İlgili mevzuat hükümlerinden de açıkça görüldüğü üzere, eşyanın satıcıdan alınarak alıcıya teslim anına kadar geçen süre içerisinde kargo şirketlerinin birçok sorumluluğu bulunmakta olup bu sorumluluğun gereklerini yerine getirmemenin sonuçları da ayrıca düzenlenmiştir. Elbette bu aşamada tüketici de ilgili eşyanın takibi ve gerekli bilgilendirmeleri yerine getirmelidir. Zira eşyanın teslimine kadar olan sürecin yanında teslim anında da uyuşmazlığa konu durumlar meydana gelmektedir.
Sipariş edilen ürün teslim edilmekle birlikte, teslim edilen malın sonradan yanlış, eksik veya hatalı olduğu ortaya çıkabilmektedir. Teslim alındıktan sonra ayıplı malın ispatı tüketiciler açısından büyük güçlük ortaya çıkarmaktadır. Bu anlamda tüketicinin hak ve yükümlülüklerini bilmesi şarttır.

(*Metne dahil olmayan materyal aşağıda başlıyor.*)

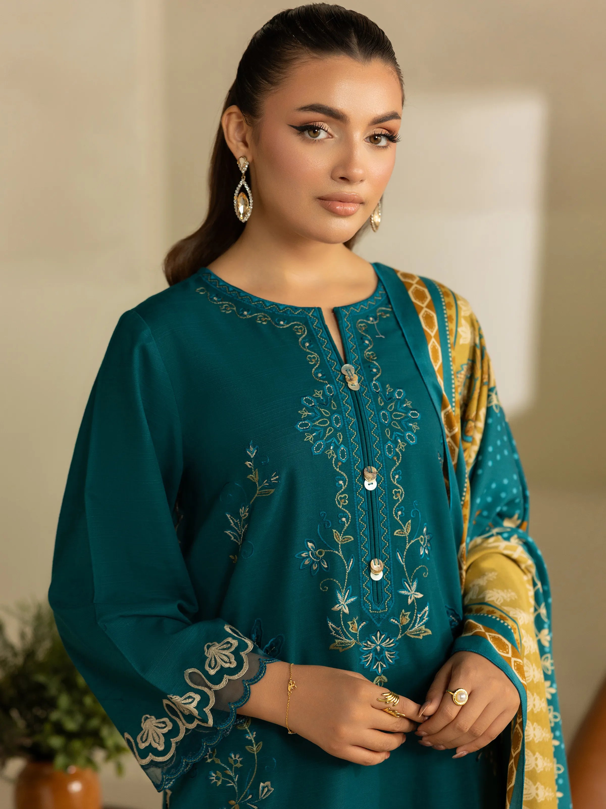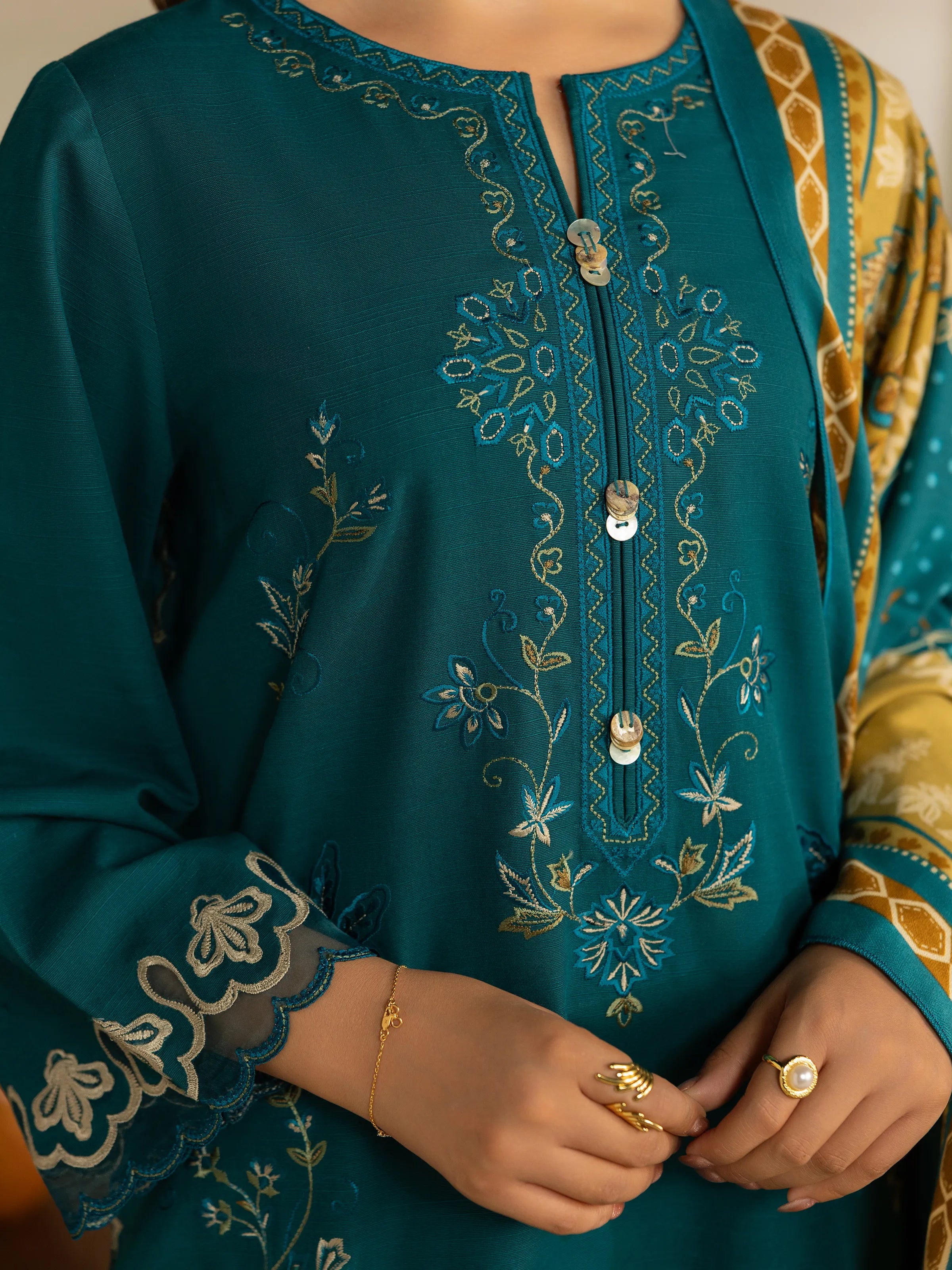 Style: Embroidered Kurti with Embellished Placket & Organza Trims Sleeves

Öncelikle belirtmek gerekir ki, satın alınan mal, tüketici tarafından kargo teslimatı esnasında mutlaka incelenmeli; satın alınan malın eksik veya hatalı olup olmadığı, faturanın mevcut bulunup bulunmadığı kontrol edilmeden kargo görevlisinin belgeleri imzalanmamalıdır. İnternet üzerinden alışverişte dağıtım kolunu gerçekleştiren kargo şirketlerinin, teslim anına kadar meydana gelen ayıplardan sorumluluğu doğmaktadır. Bu bağlamda malı teslim almadan yapılacak inceleme sonrasında ortaya çıkabilecek uyuşmazlıklar açısından kargo görevlisine hazırlatılabilecek ‘Hasar Tespit Tutanağı’ büyük önem arz edecektir. Her halükarda ileride doğacak uyuşmazlıklar açısından teslim edilmeyen veya eksik teslim edilen eşyalar hakkında kargo şirketinin bilgilendirilmesi önemlidir.

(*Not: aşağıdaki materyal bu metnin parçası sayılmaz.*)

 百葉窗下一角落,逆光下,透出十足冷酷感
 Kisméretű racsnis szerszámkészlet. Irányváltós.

Uygulamada kargo görevlilerinin kimi zaman ürünü kontrol etmek isteyen tüketicinin bu isteğini uygulamaktan kaçındığı görülmektedir. Bu tamamen hukuka aykırı bir tutumdur. Ancak bu hallerde tüketici kargoyu teslim alacak olursa; mutlaka imzaladığı belgeye “Kontrol edilmeden teslim alınmıştır” notunu düşmesi, ürünün ayıplı çıkması halinde kargo şirketinin sorumluluğuna başvurmayı sağlayacaktır. Teslim alındıktan sonra ayıplı olduğu görüldüğü takdirde, yine durum derhal satıcıya ve kargo şirketine bildirilmelidir.
Bazen de kargo şirketinin bünyesinde kargo görevlilerinin ihmali veya hatası gibi durumlar sonucu sipariş edilen ürünün geç teslim edilmesinden kaynaklı sorunlar oluşabilmektedir. Bu gibi durumlarda da kargo şirketleri tüketicinin uğradığı maddi ve manevi zarardan sorumlu olacaktır. Örneğin, önemli günler için yemek veren bir şirketin internet üzerinden aldığı teknik teçhizatın kargo görevlisi tarafından geç ulaştırılması sonucu zarara uğrayan kişi bunun tazminini kargo şirketinden talep edebilecektir.
.
Konuyla ilgili Yargıtay 11. Hukuk Dairesi’nin 2016/1934 E., 2016/8314 K. sayılı ve 20.10.2016 tarihli kararında, “…davalı kargo şirketinin davacı tarafından gönderilen gönderiyi gerçek alıcısına teslim etmekle borcundan kurtulmasının mümkün olduğu, kargo şirketinin kendisine karşı gerçekleştirilen sahtecilik işlemine dayanarak yapılan işlemde bir kusurunun bulunmadığı yolundaki savunmayla zarara uğrayan davacıya ödemeden kaçınamayacağı, her ne kadar davalı tarafça kargo paketi içeriğinin kargo şirketine davacı tarafça beyan edilmediği iddia edilmiş ise de davalının kendi çalışanlarının yargılandığı ceza dosyasında paket içeriğinde cep telefonu bulunduğunu kabul ettiği gerekçesiyle; davanın kabulüne, 51.000,00 TL’nin dava tarihinden itibaren işleyecek yasal faiziyle birlikte davalıdan tahsiline” anılan hususa işaret edilmiştir.